The SLI Revision Cadence That Keeps Targets Honest
SLIs and SLOs drift. Revisit them quarterly. The format, the questions to ask, and what teams have changed in their second year.
Quarterly agenda
The quarterly review is what keeps SLIs from rotting into ceremony. Three questions per service, decided in writing, sets the agenda.
- SLI fitness. What is the current SLI/SLO? Did it match user-perceived reliability for the last quarter?
- Customer feedback. Are customers complaining about reliability dimensions the SLI does not measure?
- Engineering cost. Is the team paying to over-deliver on the SLO? Could a relaxed SLO free meaningful engineering capacity?
- Decision log. Outcome captured in writing; future reviews start from the prior decision, not from scratch.
Common changes in year two
Patterns repeat across teams that have run SLOs for a year. Three changes show up almost universally; expect them and plan around them.
- Add latency SLI. Most teams start with availability; year two adds latency for user-facing services.
- Tighten or loosen SLO. First SLO is usually wrong; the data tells you which way; do not be precious.
- Segment by user. 'p99 latency for premium customers' becomes a separate SLI when stakes differ.
- Drop dead SLIs.
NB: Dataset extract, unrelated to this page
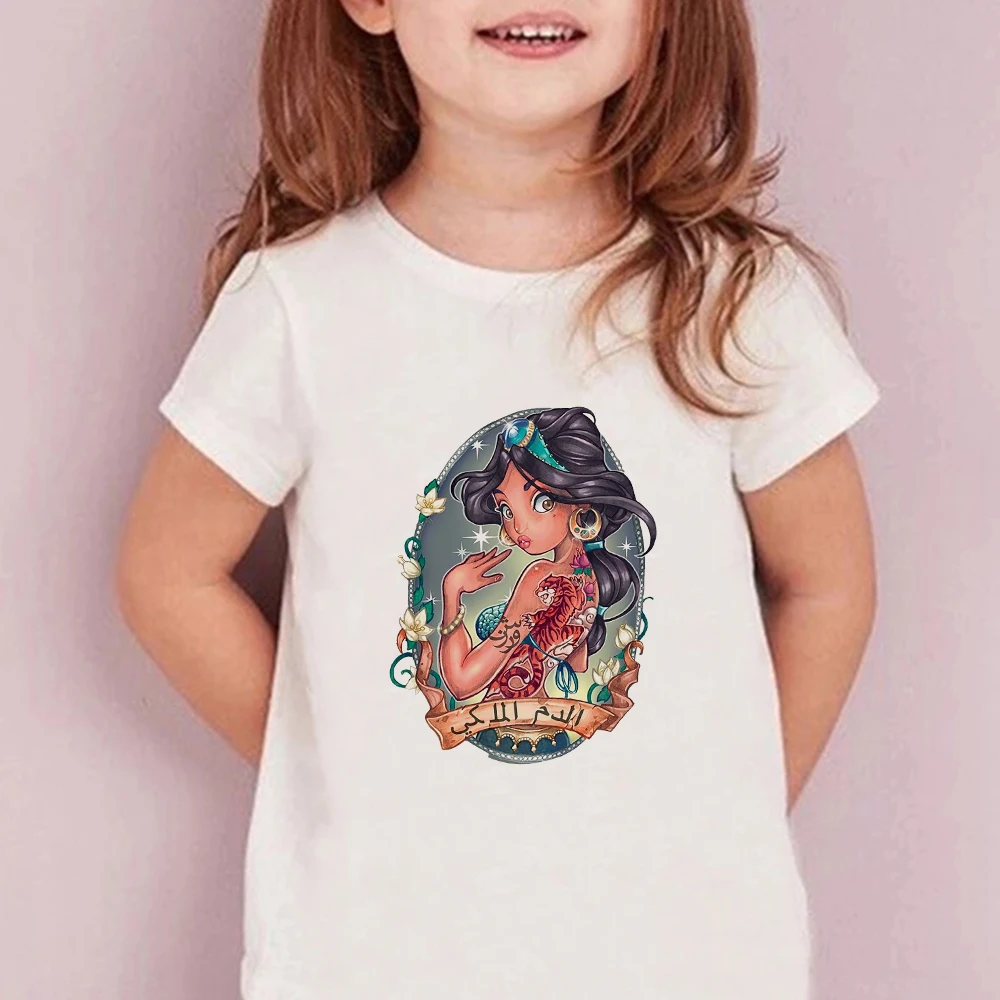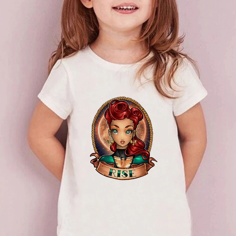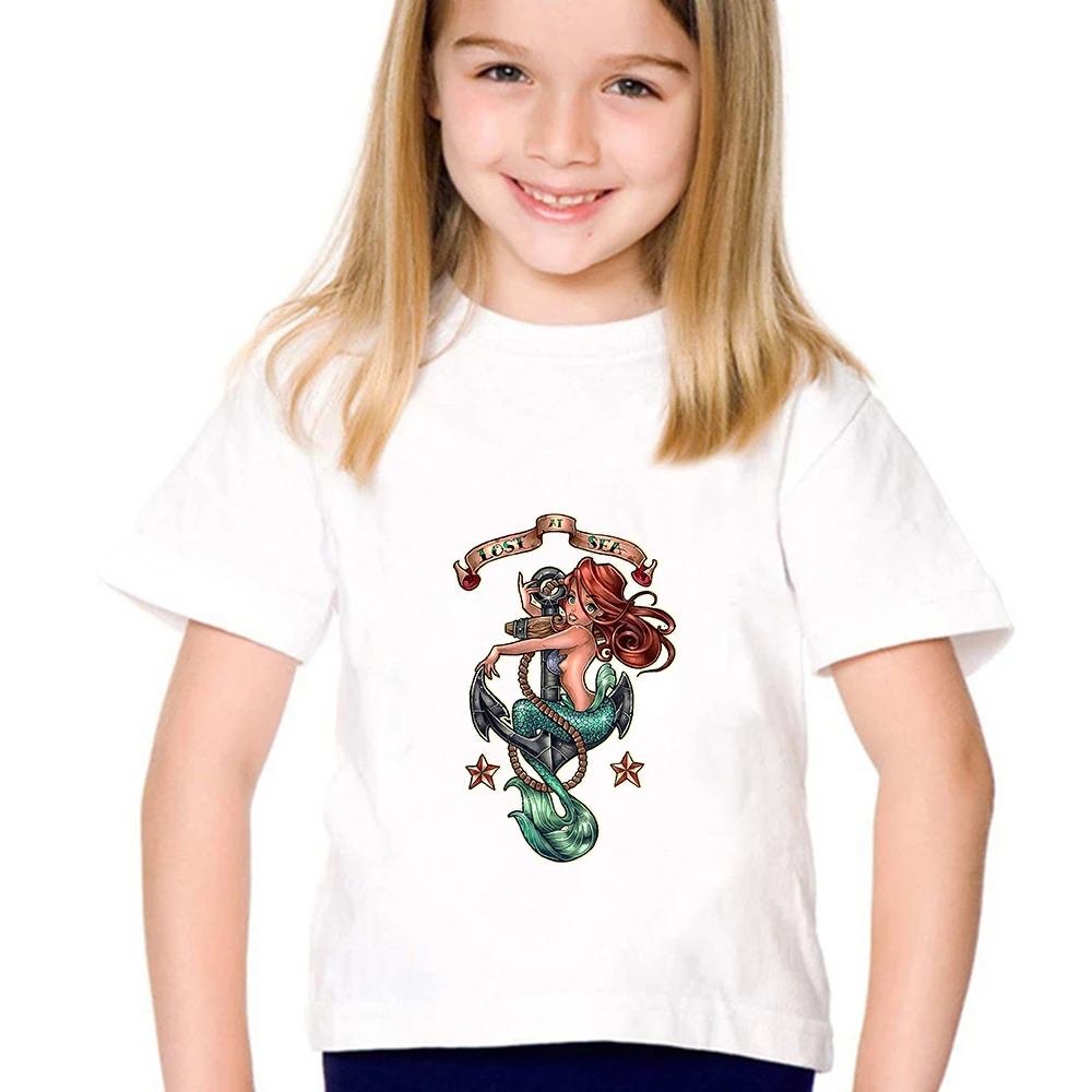 Детские топы с татуировками и сиреной Disney, повседневная мультяшная футболка принцессы Ариэль, маленькая Русалочка, уличная одежда в стиле Харадзюку для девочек
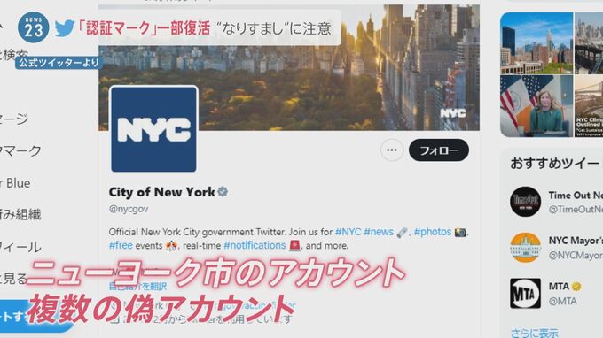 アメリカではすでに混乱が。一時、「認証マーク」が削除されたニューヨーク市の公式アカウントでは、偽アカウントが複数現れました。

Some SLIs never fired and never will; remove them so the dashboard reflects what matters.
Avoid
Three failure modes corrode SLO discipline. Each one is tempting in the short term and destructive over time.
- Easing SLOs to look good. The point is honesty, not optics; tune SLO to reality, not to attainment dashboards.
- Too many SLIs. 3 to 5 per service is plenty; more becomes noise that nobody triages.
- Skipping the cadence. Without ritual, SLIs drift from reality; quarterly is the floor, not the ceiling.
- SLO as KPI. Tying SLO attainment to performance reviews creates pressure to game the metric; keep them as engineering tools.